# Questions about the "One free flight"



## omnomnomi (8 Oct 2012)

So, Christmas time (or whatever time you may happen to celebrate) is not so slowly creeping up on us. For people such as myself and a fair number of others, home is a good $400-$500 plane ticket away. One way. I've been hearing others talk about the seemingly elusive "free flight", however no one seems to be able to answer my questions. I will now pose them to you in hopes of clearing up the confusion.

1) Does this flight actually exist?
2) If yes, is it an actual plane they pile a bunch of us on and send to certain destinations?
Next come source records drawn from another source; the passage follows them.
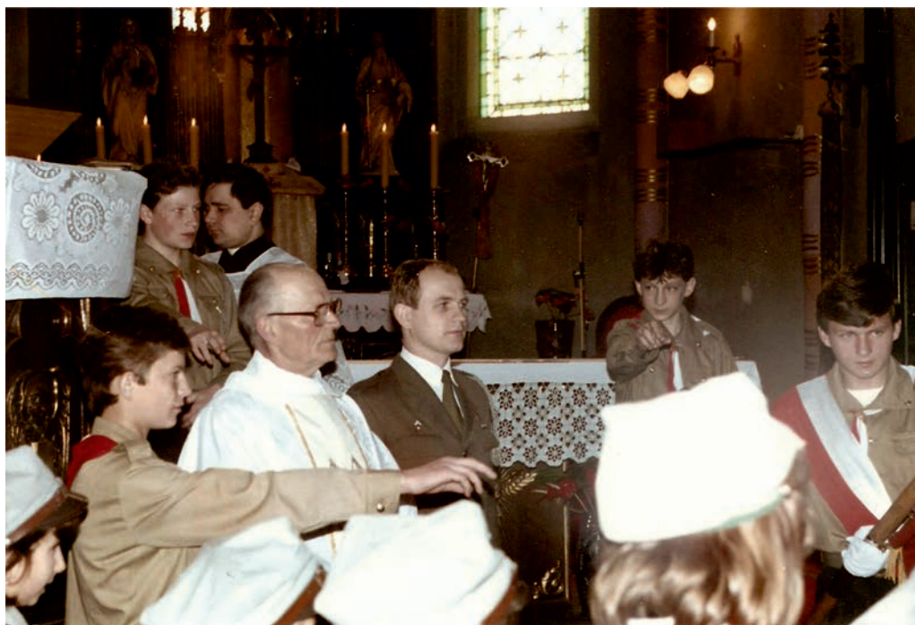
11.05.1991 r. Przyrzeczenie Harcerskie w żurawickim kościele.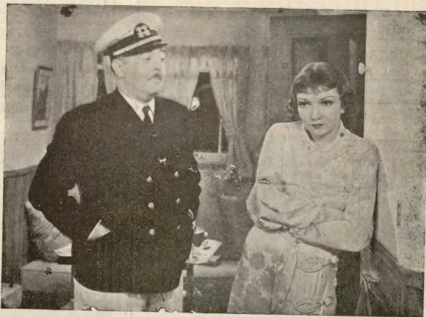
Claudette Colbert y Walter Conolly en una escena de la película COLUMBIA-CIFESA Sucedió una Noche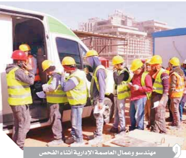
مهندسو وعامل العاصمة الإدارية أثناء الفحص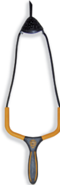
450157 Fionda twin tower large 450158 Fionda twin tower small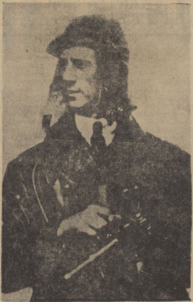
El aviador italiano Locatelli, al que una patrulla de etiopes dió muerte en Gore (parte occidental de Abisinia)

Or is it simply them reimbursing us for a plane ticket to and/or from a certain destination?
3) Is it round trip, or just one way?
4) Does it have to be "home" or is it just where ever you feel like going? (ex. Your girlfriend, also military, wants to come back with your for the winter break but lives on the other side of the country. Does she still get said flight even though she is not going to her home?)
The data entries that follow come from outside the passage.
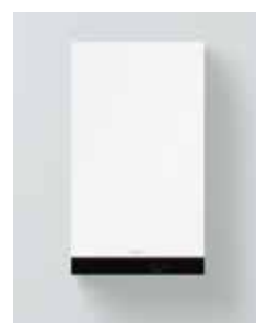
Vitodens 050-W (Modelo B0KA)

La Vitodens 050-W ha sido probada y homologada para gas natural según la normativa EN 15502. No es necesario un cambio dentro de los grupos de gas E/LL.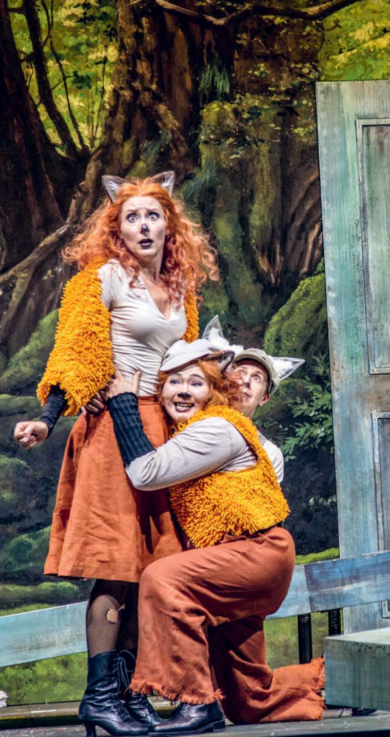
DAS SCHLAUE FÜCHSLEIN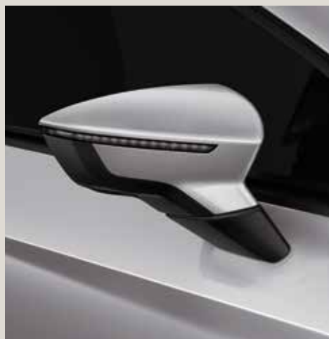
Urban Silver 2 R St XE FR XP CU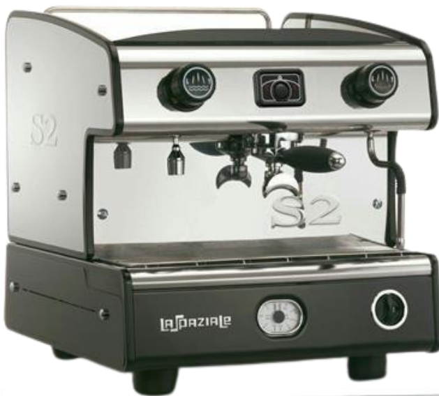
دستگاه صنعتی تک گروه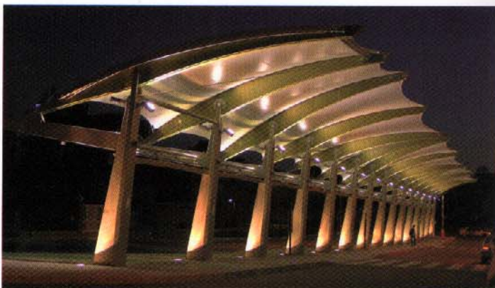
Vue nocturne sur l'auvent dans son ensemble.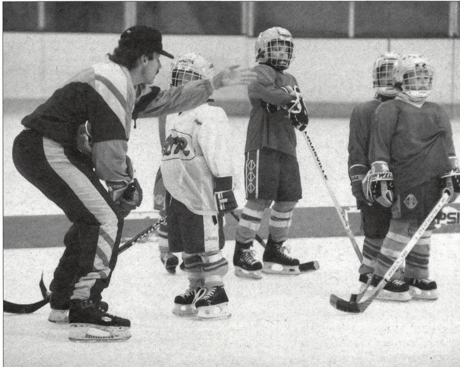
Nous devons agir: la direction reste à définir...

Any insight into this matter is greatly appreciated! Mucho Graçias!


----------



## klacquement (8 Oct 2012)

You are looking for LTA, or Leave Travel Assistance.  Generally, it takes the form of a ticket on a commercial carrier.  Beware, however, that it is not always free; the amount of money you get is based on the travel distance from your posting to your home.
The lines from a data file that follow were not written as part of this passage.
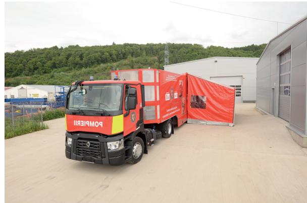
Slika 1. Izgled kamiona koji je opremljen softverom za simulaciju vanrednih situacija [5]

Jedan od primera je zajednička saradnja rumunske kompanije Deltamed i i holandskog konzorcijuma. Naime, rumunska kompanija izrađuje specijalizovana vozila sa posebnom opremom u koja se ugrađuju softverska rešenja za simulacije vanrednih situacija izrađena od strane holandskog konzorcijuma. Kompanija Deltamed je specijalizovani proizvođač vozila koja se koriste u radu hitnih službi. Upravo, jedan od tipova vozila predstavlja kamion koji je opremljen posebnim softverom koji proizvodi holandski konzorcijum i koji se koristi u obuci različitih kategorija koji mogu biti pogođeni vanrednim situacijama ili reagovati u svojstvu operativnih snaga.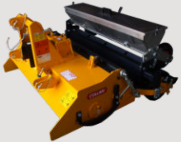
FISL avec rouleau grillagé et semoir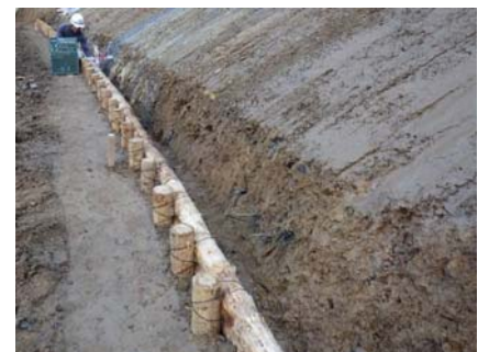
【施工状況】設置状況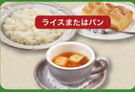
ライスまたはパン オニオンスープセット 320 (税込352)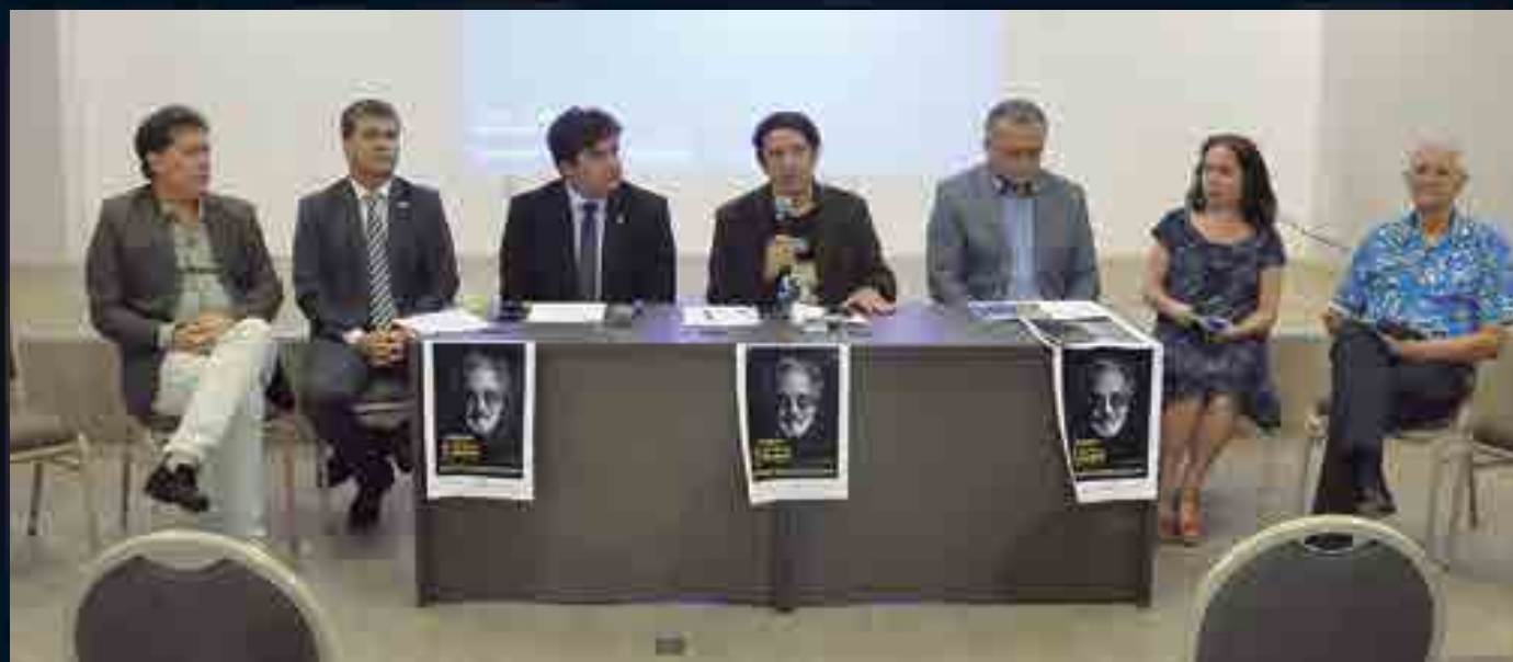
Representantes de diferentes segmentos culturais e apoiadores participaram do lançamento da programação da edição 2017

LTA is for you to travel to the registered location of your next-of-kin.  That is, if you are single, they will fly you to your parents' place.  If married, they will fly you to your spouse.  A single parent gets to see their kids, etc.


----------



## PuckChaser (8 Oct 2012)

There are seats on service flights available, the CANFORGEN just came out. They go to CF bases and I believe are one way but you can apply for the return leg.


----------



## Fishbone Jones (8 Oct 2012)

PuckChaser said:
			
		

> There are seats on service flights available, the CANFORGEN just came out. They go to CF bases and I believe are one way but you can apply for the return leg.



They are also highly unpredictable right up to flight time. 

They are also far from guaranteed. Anything could get you bumped, or cancelled, with no option to make your destination.

You could end up spending Christmas in a dark terminal.


----------



## PuckChaser (8 Oct 2012)

recceguy said:
			
		

> You could end up spending Christmas in a dark terminal.



Might be better than some barracks in the CF.


----------



## MJP (8 Oct 2012)

I don't have the CANFORGEN handy but the info is here as well as the links/forms for reservations

http://www.ubiquitousmagazine.ca/en/christmas-and-new-years-2012-leave-travel-program



			
				recceguy said:
			
		

> They are also far from guaranteed. Anything could get you bumped, or cancelled, with no option to make your destination.



For the Christmas flight program, once your flight is confirmed there is no bumping off.  The trick for Cat 2 folks is getting on the flight.


----------



## PMedMoe (9 Oct 2012)

Here is the CANFORGEN (DWAN only):

CANFORGEN 172/12 CANADA COM 009/12 250900Z SEP 12
SPECIAL CHRISTMAS / NEW YEARS LEAVE TRAVEL PROGRAM 12/13

The primary purpose of the service flights is for people to visit their NOK.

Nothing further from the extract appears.